Wikimedia migrated from Bugzilla to Phabricator. Bug reports are handled in Wikimedia Phabricator.
This static website is read-only and for historical purposes. It is not possible to log in and except for displaying bug reports and their history, links might be broken. See T57109, the corresponding Phabricator task for complete and up-to-date bug report information.
Bug 55109 - Multilingual development
Multilingual development
Status: NEW
Product: Pywikibot
Classification: Unclassified
General (Other open bugs)
core-(2.0)
All All
: Low enhancement
: ---
Assigned To: Pywikipedia bugs
:
Depends on:
Blocks:
  Show dependency treegraph
 
Reported: 2013-10-05 04:25 UTC by Kunal Mehta (Legoktm)
Modified: 2014-04-17 17:59 UTC (History)
4 users (show)

See Also:
Web browser: ---
Mobile Platform: ---
Assignee Huggle Beta Tester: ---


Attachments

Description Kunal Mehta (Legoktm) 2013-10-05 04:25:17 UTC
Originally from: http://sourceforge.net/p/pywikipediabot/feature-requests/101/
Reported by: Anonymous user
Created on: 2007-08-06 17:47:39
Subject: Multilingual development
Original description:
English speaking at end

==Francais== Texte d'origine
Bonjour
Je voudrais vous proposer un système qui permet de rendre le robot multilingue. En effet, tous les messages envoyé à la console sont anglophone. Or le but d'un robot est de s'adapter à la multitude des languages pouvant exister de la part des utilisateurs. C'est pour cela que je vous propose le système suivant :

Création d'un nouveau répertoire 'lang'. Dans ce répertoire s'y trouverait des fichiers de type XX.py \(XX étant le code ISO 639 de la langue\). Donc ce répertoire contiendra 1 ficher par code de langue existant.
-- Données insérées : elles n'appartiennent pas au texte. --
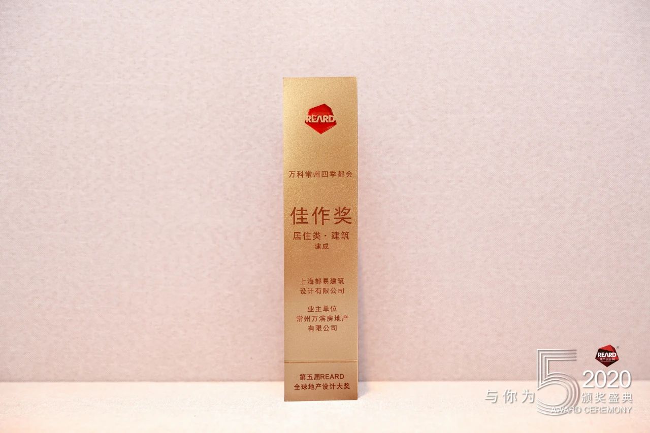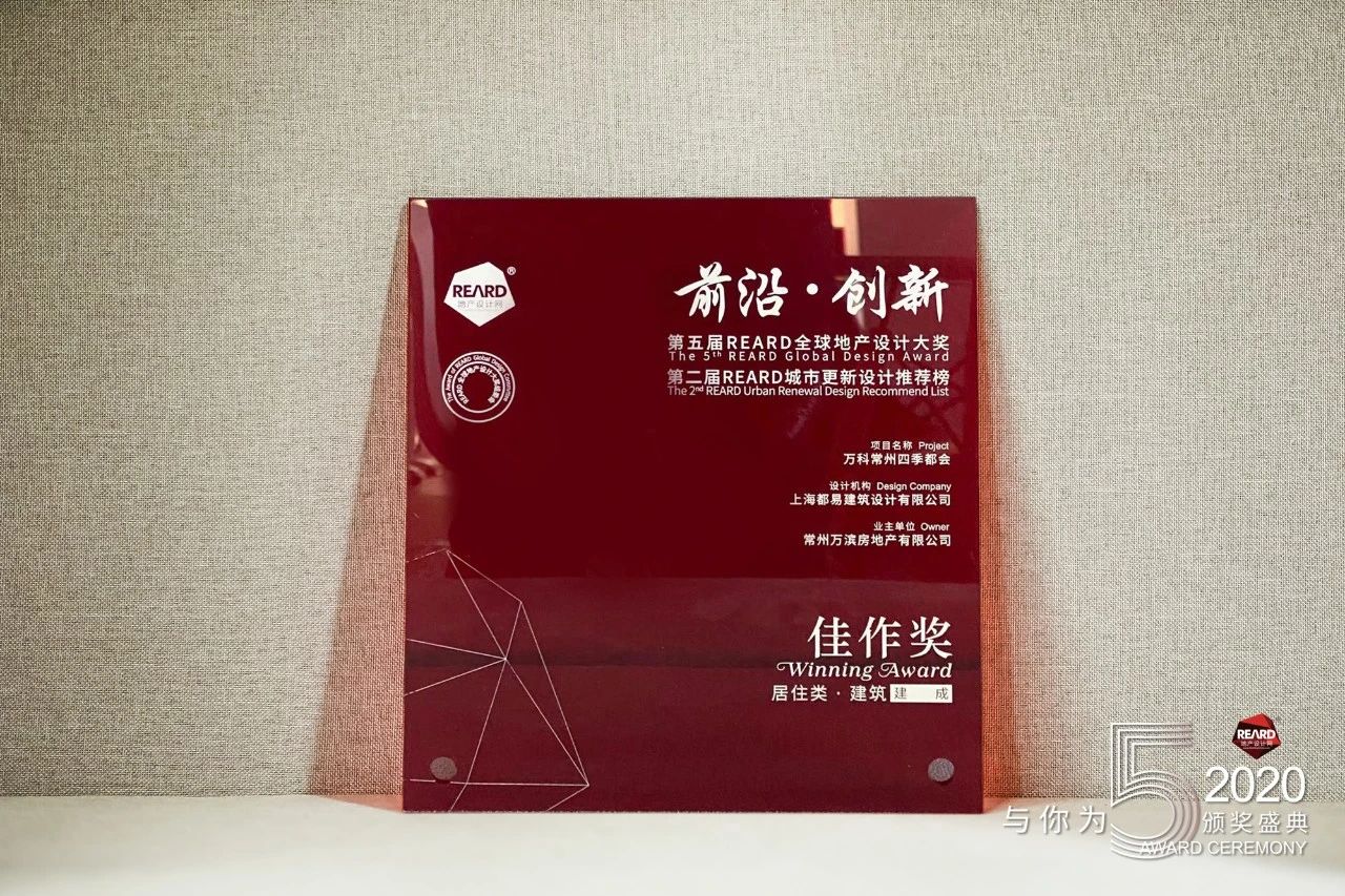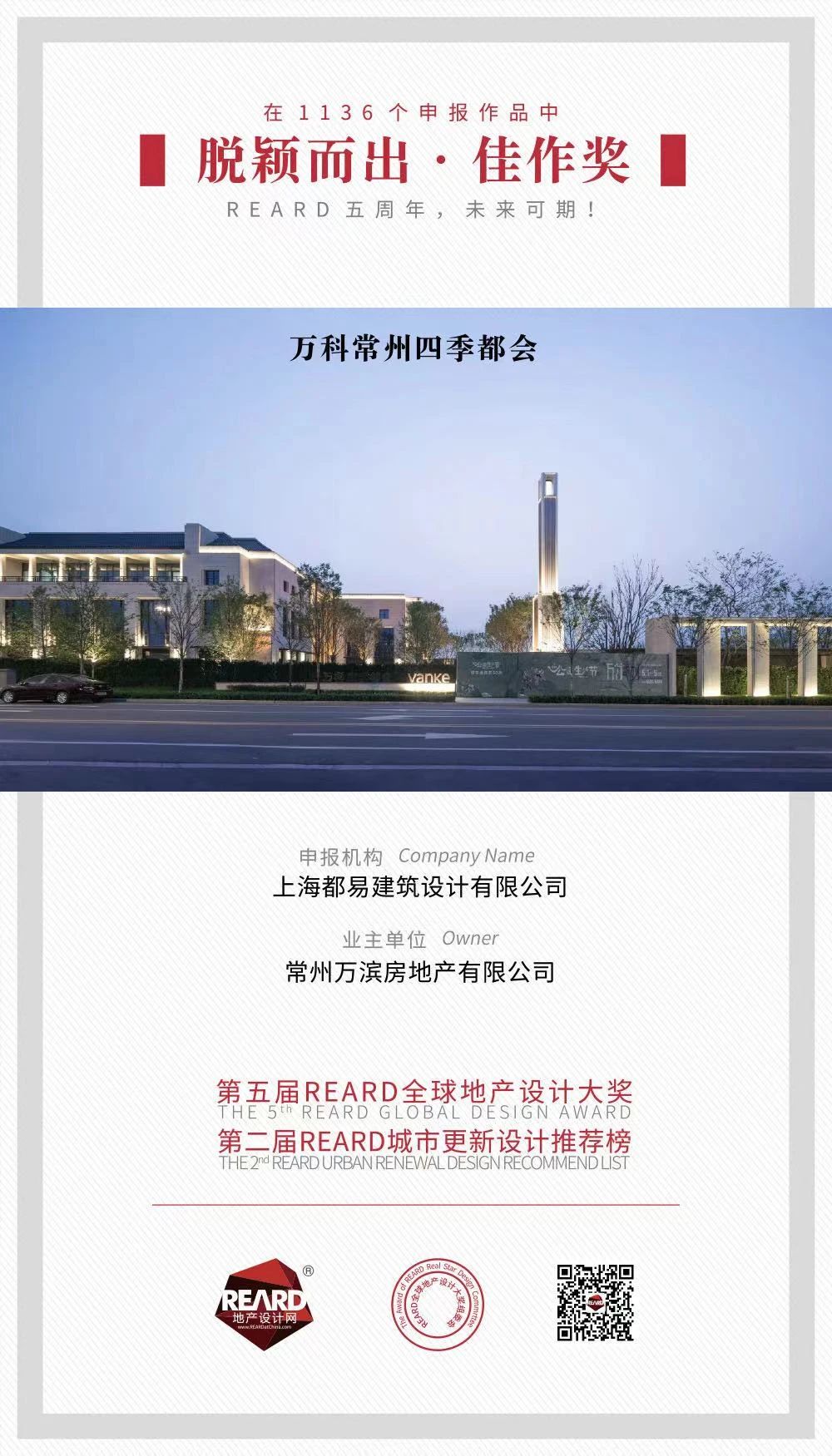 2020年11月28日,第五届REARD全球地产设计大奖颁奖盛典于上海隆重召开,都易设计作品万科·常州·四季都会从1136个申报作品中脱颖而出,获得居住类·建筑佳作奖。

Lorsque les différents programmes veulent afficher un message sur la console, la commande utilisé est très souvent 'wikipedia.output' ou 'wikipedia.input'. Le travail de cette commande serait d'appeller le fichier xx.py avec le numéro du message à renvoyer en paramètre, le choix du xx serait donnée par la variable mylang de user-config.py. le fichier xx.py enverrais alors le message à afficher en tenant compte des différentes variables de type %s \(ou autre\) bien entendu

Exemple :
dans user-config.py, j'ai "mylang = 'fr'"
Replace.py à la ligne 375 contient la commande "wikipedia.input\(u'Please enter the new text:'\)",

Le nouveau système coderait "wikipedia.input\(u'Please enter the new text:'\)" par "wikipedia.input.message\(284\)"
appelerait donc lang/fr.py et lui demanderais de lui retourner le message n° 284 qui serait "s'il vous plais, entrez le nouveaux texte :" et le lui retourne.

Voila, en esperant avoir compris ma demande. 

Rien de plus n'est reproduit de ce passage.